Star Wars: Republic Commado

Ok. There have been more than 6 months when this game showed up in the stands. You've probably played it (in march there aren't so game launches), but I've decided only two days ago to try it. It sounded nice on GameSpot and wanted to give it a run, just to be sure that I don't miss one of the thousands Star Wars games (kind of a joke, though it yields a little bit of truth).

To be short, this game has it's own vision of the SW Universe but remains consistent with it. It's not about spaceships/flying through space game, and it's doesn't feature any Jedi or either the Force's presence.
It's a team tactical 1st person shooter. I'm inclined to say it has something to to with Halo (life system, weapon system), Star Trek: Elite Force 2 (team based action), Star Wars: Battlefront (same frenetic action), Full Spectrum Warrior (good tactical control).

You're "38"/"three-eight" (more like a "Master Cheef"), and together with "07", "40" and "62" you form a fearsome Republic Commando. You get to shoot dudes throughout the game (placed somewhere in the Clone Wars), to save the great Republic from these bad-bad factions.

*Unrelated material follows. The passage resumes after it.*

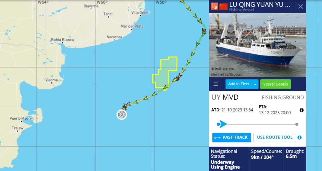 En la zona no hay actividad pesquera de la flota argentina, mientras que en la milla 201, al sudeste del lugar, se situó aminorando máquina en su pasaje cercano, como espiando lo que se hacía dentro del área de prospección sísmica, el buque arrastrero con bandera china Lu Qing Yuan Yu 209, (IMO: 9738399), construido en el año 2014 de 65 m. de eslora y 14 m. de manga, cuya pesca objetivo es merluza, abadejo y otras especies demersales transzonales que rebalsan la plataforma argentina por fuera de la milla 200 y al borde de la misma.

Here are some of my points on this game:
  • + it comes on two CDs (it came as a surprise because you rarely see a game on just two CDs)
  • - it has an awful loud sound when the interface pops up (autorun/launcher program)
  • + cool graphics:
    • + nice bumpmapping
    • + nice specular highlights
    • + good explosions FXs
    • + very cool softshadows (even if sometimes they project awful on some surfaces)
    • + impressive lightmapping rendering and detail
    • + good dynamic lighting effects (lights/shadows projections, though if you try to observe in detail these lights over let's say some rocks, at night, you'll be surprised of the strange effect..)
    • + bloom effect
  • + very good level design
    • + the levels look great, are very detailed, not that repetitive
    • + you cannot get stuck on a level
    • + easy to get a sense of the environment
    • + the health units have convenient locations
    • + the objectives are very clear and you don't have to run from here to there only to open a door
    • + the missions are pretty straight forward
    • + plenty of monsters to kill
    • + though heavily scripted, the action pacing is perfect
  • + very good models & animations
    • + cursive and very convincing animations
    • + motion capture in all commando's animations (true to the real commandos's movement)
    • + even when recharging, some interesting sprites appear
    • + good variety of monsters with good animations and design
    • + you can shoot and rip limbs from your enemy, lots of them show partial damage (flying helmets, pieces of armor)
    • + good weapons design
  • + excellent game design & programming
    • + the Halo like energy shield & life are simply "the way it should be" (it gives you a little bit of slack, a little bit of courage that you'll not be punished for every hot-headed decision, but it doesn't let you cross the line too much)
    • + Revive! Great idea!
    • + game over only when the hole party is dead (very cool)
    • + very good own forces AI (impressive I'd say: they fight for themselves, they watch their own back and others, they heal themselves, they revive their comrades)
    • + very easy to command to your party the actions you want them to performs or to perform the way you want them
    • + nice hud display (easy to read infos and easy to give commands to your party)
    • + commando chat :)
    • + very short & not that difficult learning curve
    • + not so many guns, but very efficient (4 own guns + 1 monster's gun)
    • + different grenades for different monsters
    • + you can shoot with turrets and some of the monster's weapons
    • + ragdoll physics (good physics, ragdolls will stay until you face the opposite way or shoot them to destruction, nice effect of the explosives on ragdolls - either dead or alive)
    • + extra content means mostly "making of RC". Cool!
    • - twice, in the game, one of your team just stuck into the level/objects. Nothing violent, it seemed that he would want to respond, but never left that place again. Had to restart the level... :(
  • + impressive sound
    • + very good Star Wars like themes
    • + in tone with the action
    • + very good sound FXs
    • - sometimes the sound traps trigger earlier than they should (like: your player says: "watch those rocket turrets!" and you're like: "where dude?...." and after you take a corner see a rocket turret and you've figured it :) )
  • + gameplay experience
    • - pretty linear
    • + very intense
    • + you'll not have the opportunity to boor
    • + very good feeling when you play the game (feel like one elite trooper engaged in a cruel war)
    • + feel very confident of your chance of success and good to feel your comrades around
    • - very short (only three campains)
  • - weak multiplayer
    • - no bots
    • - few game modes

12 September 2005

New Linux distro?

These last years have really taught us about openness/open-source/free-software etc.
I've been onto Linux since first distributions of Slackware, back in 1996... I've been testing different Linux or Unix distributions every now and then, mainly testing their progress.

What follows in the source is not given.